#### [Records supplied]

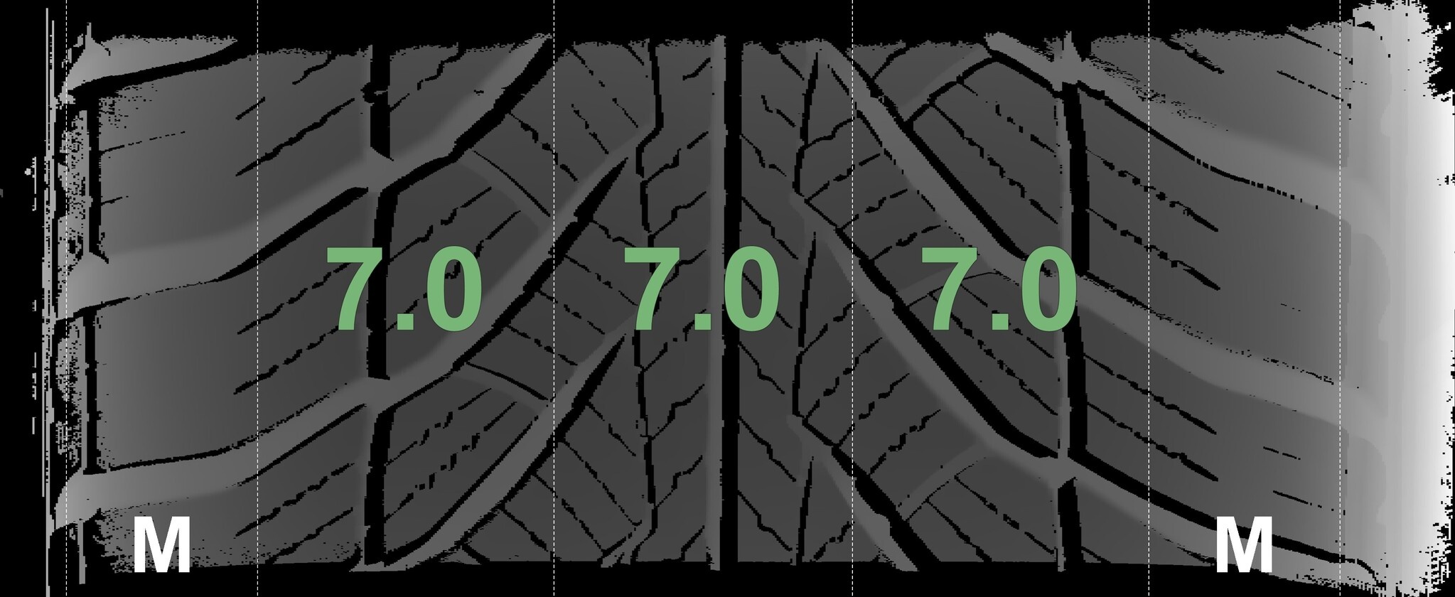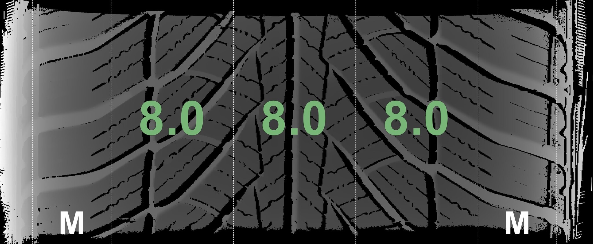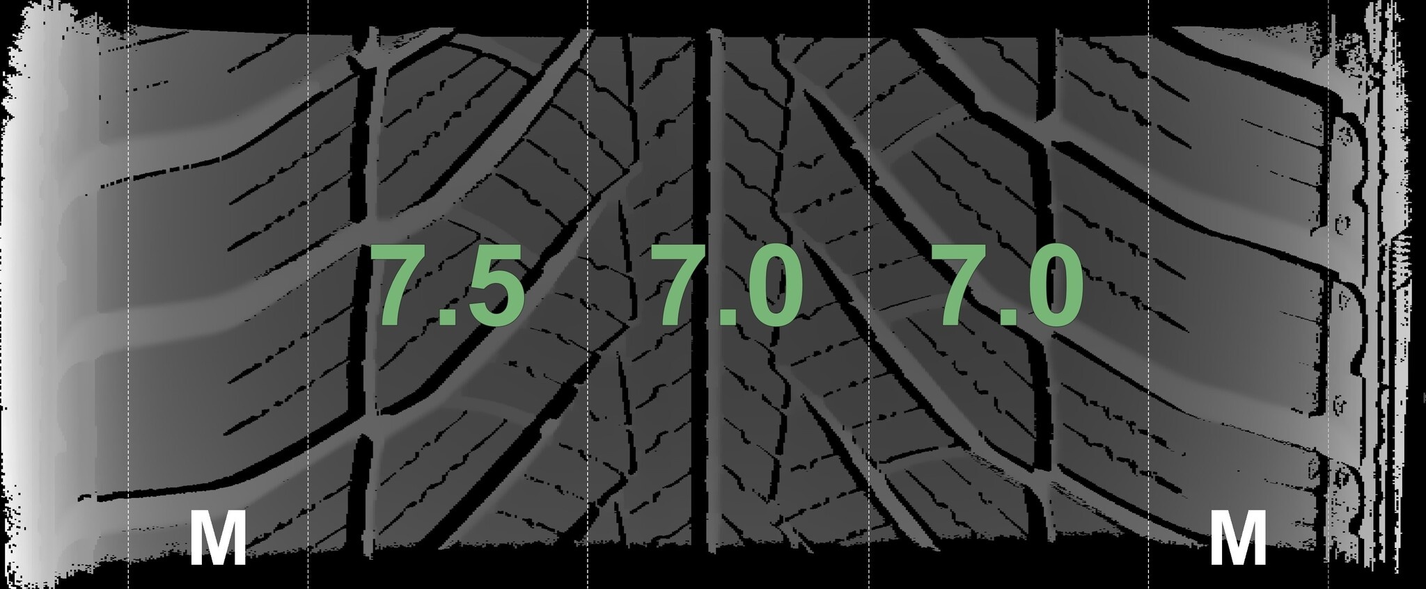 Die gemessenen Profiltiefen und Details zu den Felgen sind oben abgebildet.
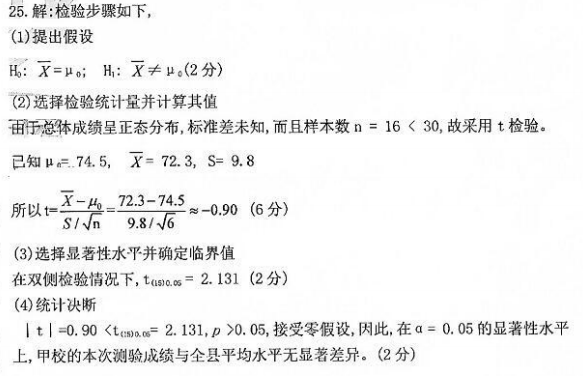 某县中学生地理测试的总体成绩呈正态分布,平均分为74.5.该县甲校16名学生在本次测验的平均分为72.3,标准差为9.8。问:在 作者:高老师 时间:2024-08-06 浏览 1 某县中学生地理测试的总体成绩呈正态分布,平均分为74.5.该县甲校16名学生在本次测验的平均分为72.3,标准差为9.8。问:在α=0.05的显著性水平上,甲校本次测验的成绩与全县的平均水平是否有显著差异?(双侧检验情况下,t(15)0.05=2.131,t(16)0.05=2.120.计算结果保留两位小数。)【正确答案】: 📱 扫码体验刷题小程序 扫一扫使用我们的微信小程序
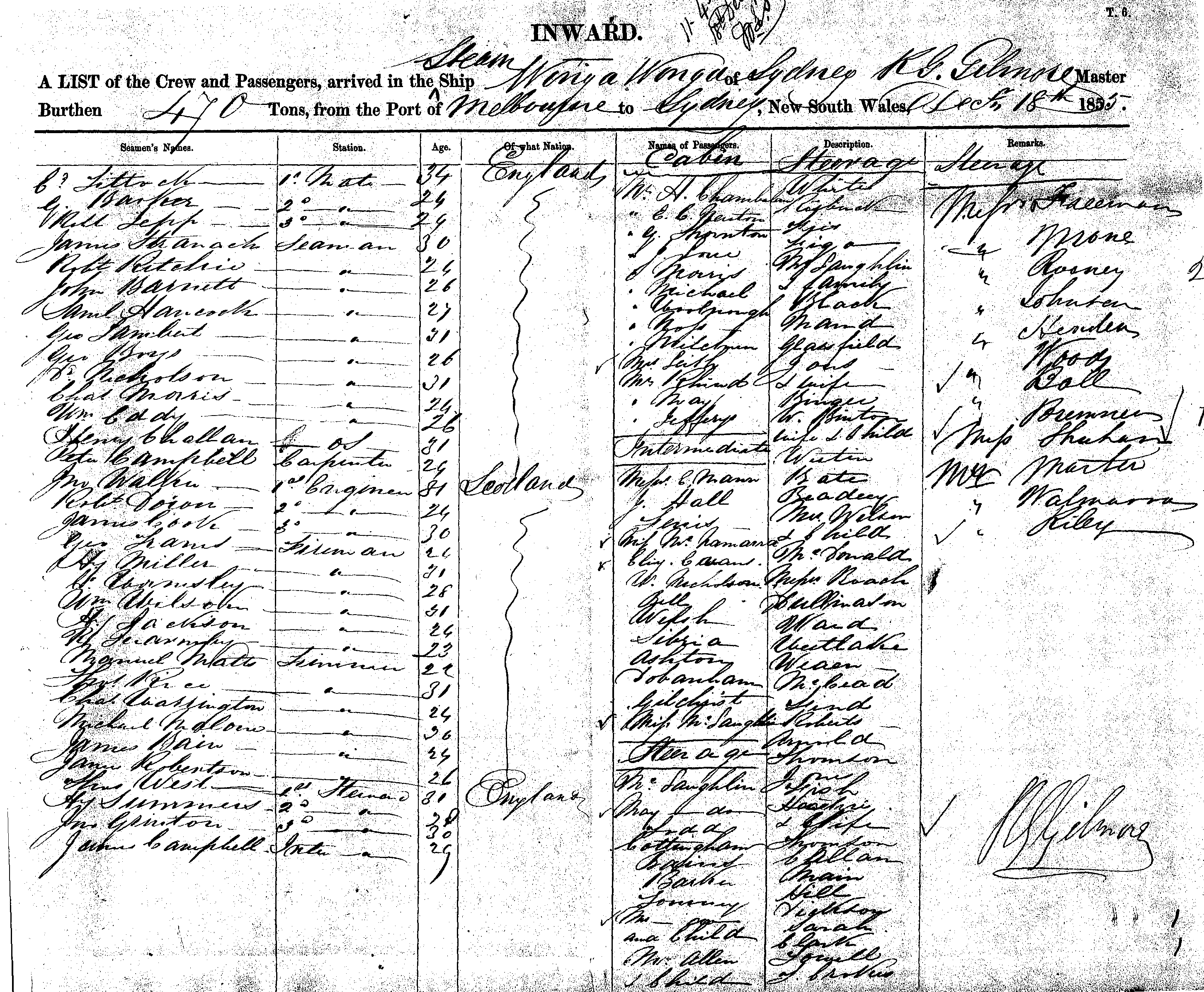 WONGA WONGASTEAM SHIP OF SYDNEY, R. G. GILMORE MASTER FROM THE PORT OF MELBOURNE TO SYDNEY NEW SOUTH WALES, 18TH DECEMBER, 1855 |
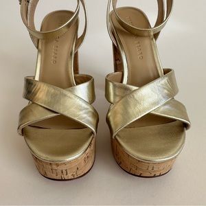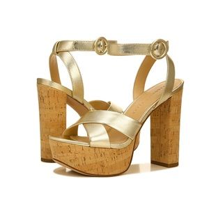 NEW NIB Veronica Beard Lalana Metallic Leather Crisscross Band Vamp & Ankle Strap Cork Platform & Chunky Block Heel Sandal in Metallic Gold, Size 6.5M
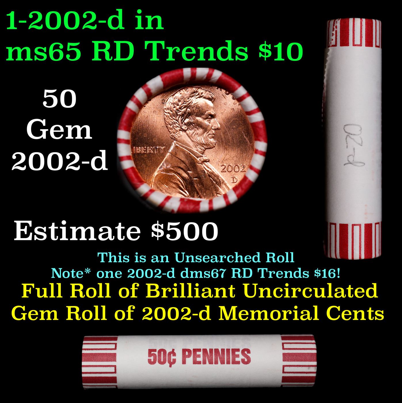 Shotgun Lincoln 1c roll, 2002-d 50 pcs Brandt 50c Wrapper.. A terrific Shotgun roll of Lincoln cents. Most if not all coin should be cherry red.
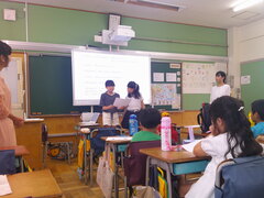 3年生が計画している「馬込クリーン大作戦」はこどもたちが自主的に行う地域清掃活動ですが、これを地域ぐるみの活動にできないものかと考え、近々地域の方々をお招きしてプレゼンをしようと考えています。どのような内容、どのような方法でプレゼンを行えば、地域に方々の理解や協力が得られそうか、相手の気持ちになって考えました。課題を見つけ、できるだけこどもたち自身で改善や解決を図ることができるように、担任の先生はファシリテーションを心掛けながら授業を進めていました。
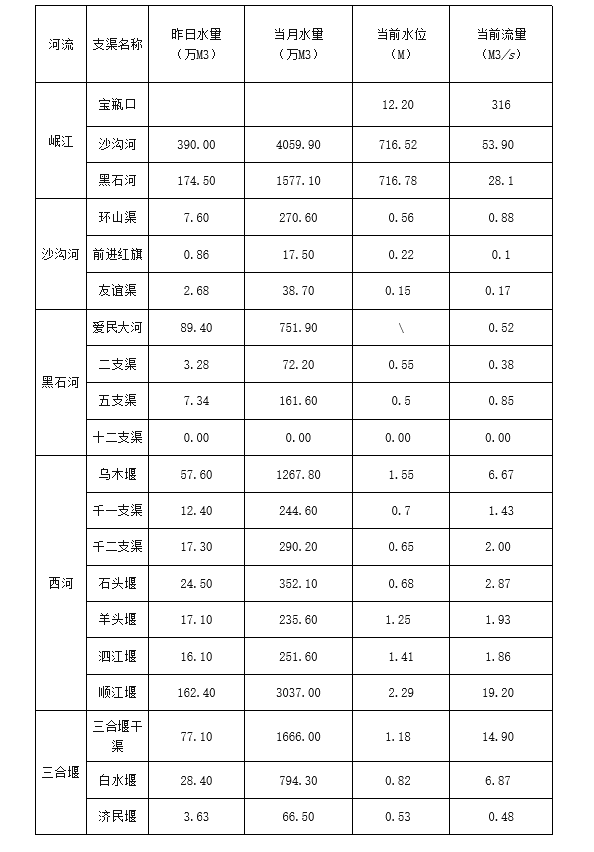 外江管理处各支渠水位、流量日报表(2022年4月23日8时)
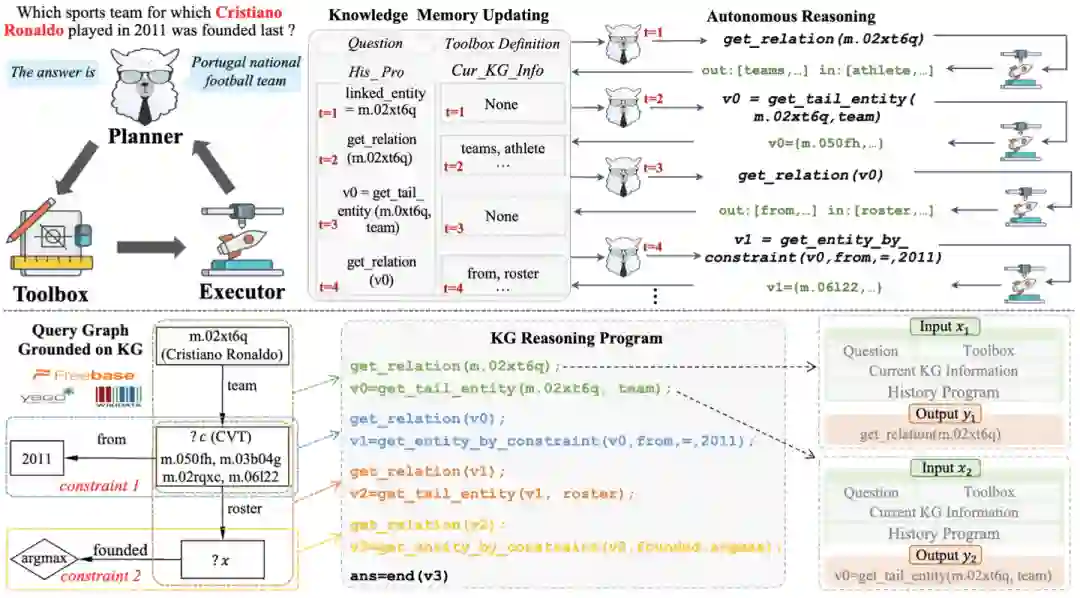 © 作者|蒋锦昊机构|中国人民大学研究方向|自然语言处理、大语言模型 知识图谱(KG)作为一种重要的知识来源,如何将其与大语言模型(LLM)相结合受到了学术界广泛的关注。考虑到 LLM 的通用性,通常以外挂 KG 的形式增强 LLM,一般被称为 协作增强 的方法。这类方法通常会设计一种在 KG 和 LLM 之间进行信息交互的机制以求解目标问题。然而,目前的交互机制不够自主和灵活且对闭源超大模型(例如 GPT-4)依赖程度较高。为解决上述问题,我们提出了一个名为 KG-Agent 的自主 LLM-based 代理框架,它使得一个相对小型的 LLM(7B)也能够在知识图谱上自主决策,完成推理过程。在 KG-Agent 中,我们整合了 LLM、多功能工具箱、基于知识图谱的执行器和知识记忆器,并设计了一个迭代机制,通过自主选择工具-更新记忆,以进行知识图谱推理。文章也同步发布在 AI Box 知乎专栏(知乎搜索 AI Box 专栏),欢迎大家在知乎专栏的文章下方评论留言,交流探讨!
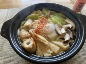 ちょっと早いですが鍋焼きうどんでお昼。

#### [Task to complete]
Pictures excluded, copy the lines exactly from where the material starts to the line with "作者:高老师 时间:2024-08-06 浏览", inclusive.

#### [Answer to the problem]
 Die gemessenen Profiltiefen und Details zu den Felgen sind oben abgebildet.
 某县中学生地理测试的总体成绩呈正态分布,平均分为74.5.该县甲校16名学生在本次测验的平均分为72.3,标准差为9.8。问:在 作者:高老师 时间:2024-08-06 浏览 1 某县中学生地理测试的总体成绩呈正态分布,平均分为74.5.该县甲校16名学生在本次测验的平均分为72.3,标准差为9.8。问:在α=0.05的显著性水平上,甲校本次测验的成绩与全县的平均水平是否有显著差异?(双侧检验情况下,t(15)0.05=2.131,t(16)0.05=2.120.计算结果保留两位小数。)【正确答案】: 📱 扫码体验刷题小程序 扫一扫使用我们的微信小程序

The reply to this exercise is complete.